When things get completely out of hand in a bad marriage, divorce is certainly one way to end it. But divorce is always costly, and there can be no doubt that Greek exiting the eurozone would involve enormous costs both for Greece and the euro area.
Time is running out and it seems that the Greek exit may be the best way to end the acrimonious relationship that now exists between Greece and the eurozone. However, before both sides run to the best lawyers, Greek politicians should pause for a moment and think again what led them to join the European Union in the first place and calculate not only the benefits but the costs of a divorce.
Leaving the EU would open up new economic and political possibilities for Greece. It would allow it to issue a new drachma that could be devalued to improve the competitiveness of its exports and would, no doubt, create a powerful sense of freedom, of liberation, knowing that its fate was in its own hands. It might even generate a renewed commitment to repair the fiscal laws in the state - most notably, rampant tax evasion...
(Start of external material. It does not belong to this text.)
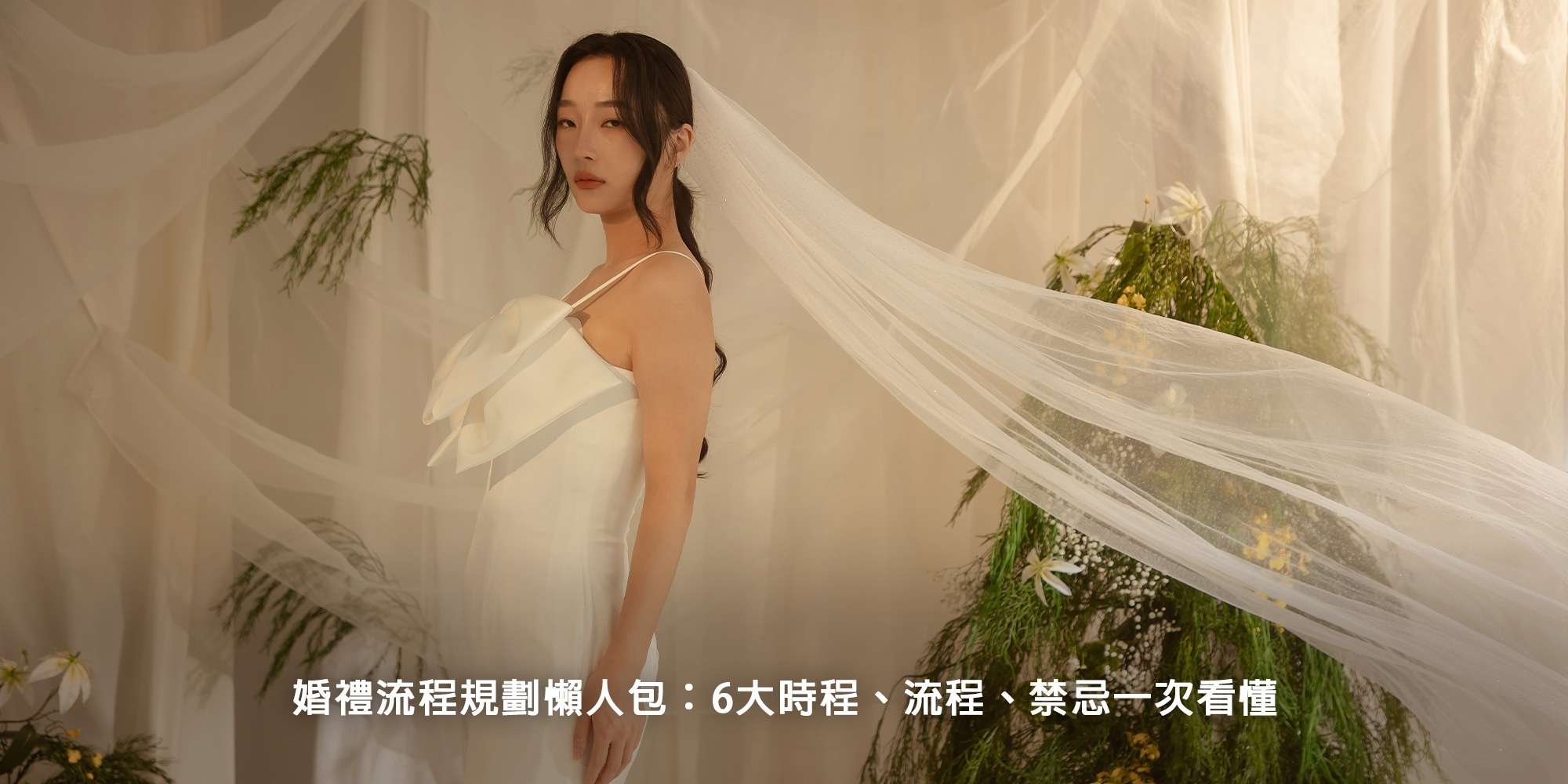 多數新人在準備婚禮時,遇到的第一個難題不是選婚紗、不是找場地,而是 「我們到底要先做什麼 ?」 婚禮相關資訊看似很多,但真正動手規劃時,常常卡在流程順序、長輩期待與實際執行之間。本篇文章將帶你一次搞懂: 婚禮 6 大時程怎麼排 每個流程實際在忙什麼 婚禮禁忌哪些真的要注意 適合正在備婚的新娘、新郎,以及參與決策的家人們一起共同討論。 婚禮流程怎麼排?新人最常卡關的其實是「順序」 多數新人在規劃婚禮時,真正卡住的不是要不要辦,而是先做什麼、後做什麼。其實婚禮流程的安排,可以用一個很實際的原則來判斷「越早影響後續決定的事情,就越早安排。」 以下是一個多數新人都適用的流程排序邏輯: 先確認「時間與形式」,再處理細節婚期、宴客形式(只宴客 or 訂婚儀式+宴客)、賓客規模,會直接影響後續所有安排,因此必須優先確定。這一步完成後,後面的流程才不會一直推翻重來。 需要拍照、試穿的流程要提早 拍婚紗、試婚紗、試妝等流程,都牽涉到檔期與實體準備,通常需要較長的前置時間,因此會排在迎娶與宴客之前6個月到一年,就要開始著手準備了,避免時間被壓縮。 儀式性流程依家庭共識調整 像是提親、訂婚、安床、回門等流程,是否完整執行,會因家庭習慣不同而有差異。建議先確認「要不要做」,再決定「怎麼做」,流程才會順暢。 當天發生的事情,最後統整 迎娶、闖關、證婚、宴客都屬於婚禮當天的流程,通常會在前期流程都確定後,才進行細部時間編排,避免臨時更動。 也因此,多數新人最後會採取的是「保留大順序、細節彈性調整」的做法,而不是全盤照搬傳統流程,或完全不照流程行事。這樣既能兼顧實際執行,也能降低與家人、婚禮團隊之間的溝通成本。 婚禮 6 大時程一覽表,新人必存! 從實務角度來看,婚禮流程可大致分為以下 6 個階段,實際執行時可依家庭習慣、婚禮形式與雙方共識做彈性調整。建議先掌握整體順序,再依需求簡化細節,流程會更順、不易出包。流程階段流程內容重點建議安排時間是否可彈性調整 提親/訂婚雙方家庭正式溝通婚事、確認婚期與形式婚禮前 6~12 個月可,依家庭共識拍婚紗婚紗挑選、試穿、拍攝與修圖 婚禮前 3~6 個月通常必做安床與嫁妝安床儀式、嫁妝準備與象徵性安排婚禮前 1~2 週可簡化迎娶與闖關新郎迎娶新娘、拜別與儀式流程婚禮前 1~2 週視婚禮形式婚禮儀式與宴客證婚、宴客、換裝與賓客互動婚禮前一個月 通常必做回門與婚後禮俗婚後回娘家、禮俗完成婚禮後2-3天可視情況省略 新人最常選擇保留的流程是哪些? 在多數實際案例中,「拍婚紗」、「迎娶」、「婚禮儀式與宴客」這三大重點,幾乎是新人一定會進行的流程,因為這三個環節直接影響婚禮紀錄、賓客參與與整體完成度。 至於訂婚、安床、嫁妝與回門,則多半會依家庭習慣與雙方共識做調整,有些新人會保留象徵性儀式,有些則選擇簡化或合併進行。 婚禮流程一:提親與訂婚流程怎麼走? 婚禮流程的第一步會從提親(下聘)與訂婚儀式開始,這一階段是雙方家庭正式建立共識、確認結婚相關安排的核心。 提親(下聘)流程與細節 提親是雙方家庭見面的第一個正式儀式,重點在於「正式宣布婚事 & 確認基本安排」。男方家長帶著大聘小聘前往女方家,正式拜訪雙方父母。 由雙方家長討論婚期、婚宴形式、聘金、喜餅、賓客範圍等細節。(這些都會影響後續流程與預算安排) 女方家會收下小聘,或小聘+部分大聘,象徵接受婚事。(現代大部分會是退大聘收小聘;聘金行情大約在12-36萬,但也可以由雙方家長商討) 重點提醒: 這不是婚宴,而是家庭溝通的正式時刻,穿著以端莊、整齊為主,不需過度隆重。在這個階段,新娘主要是展現敬意與專注於溝通即可。 訂婚儀式流程(正式建立婚約)訂婚(文定)通常緊接在提親之後,象徵婚約正式成立。流程可能包括: 公布訂婚日與形式(可與婚禮同天或獨立舉行)。 雙方交換聘禮與喜餅。 奉茶給長輩以示敬意。 有些新人會選擇把訂婚跟結婚安排在同一天完成,使流程更集中、更省事;也可以在婚宴前一兩天完成,避免婚禮當天太趕。當然,如果想更簡化,有些新人會直接把訂婚儀式省略,只保留婚宴儀式。婚禮流程二:拍婚紗流程規劃,新娘最容易忽略的不是禮服 拍婚紗不只是拍照,它是婚禮流程中最早感受到「婚禮真的要開始了」的里程碑,也是未來留作紀念的重要環節,因此需要提前與攝影、造型團隊密切聯繫與配合。 拍婚紗前的整體安排拍婚紗通常安排在婚禮前 3~6 個月,這樣留給造型、選片與修圖的時間比較充裕。紮實的時間安排也讓最終成品與婚禮節目表更好銜接。 完整拍婚紗流程大致包括: 挑選婚紗&西服:選擇符合你們風格與婚禮整體主題的服裝。 試妝與試穿:一定要確認妝髮與禮服是否搭配,避免當天不合拍。另外,試穿婚紗時記得要穿「隱形內衣」去試穿,因為有些婚紗店未提供隱形內衣,也怕貼身衣物共用衛生問題,因此記得先準備自己的NuBra,才能確保婚禮當天尺寸合不合身哦! 拍攝當天行程安排:與攝影師與造型師確定每套造型的時間與動線。 後續選片與修圖:拍完後挑照片與修圖交付成品。 新娘最容易忽略的 3 個細節 很多新娘只注意禮服款式漂不漂亮,適不適合自己,但以下三個細節其實直接影響拍照成果: 隱形內衣穿搭是否搭配禮服款式 不同禮服(露

So far so good, some may say, but it's not all that rosy. With divorce, Greece would experience a run on the banks, a panicked flight of capital, an inevitable return of capital controls and bank closures. The new drachma would plunge in value, raising the price of imports such as oil and gas which are priced in foreign currencies, and increasing the trade deficit. In one word, this divorce will certainly plunge the country into chaos.
The costs of such a divorce would also be huge for the euro area as well. Much, if not all of the outstanding claims of European banks on Greek banks would be lost once the Greek banks closed their doors! As at the end of 2014, these claims totalled 50 billion euro.
Time is short. But there is still time to save this marriage if both sides try hard enough!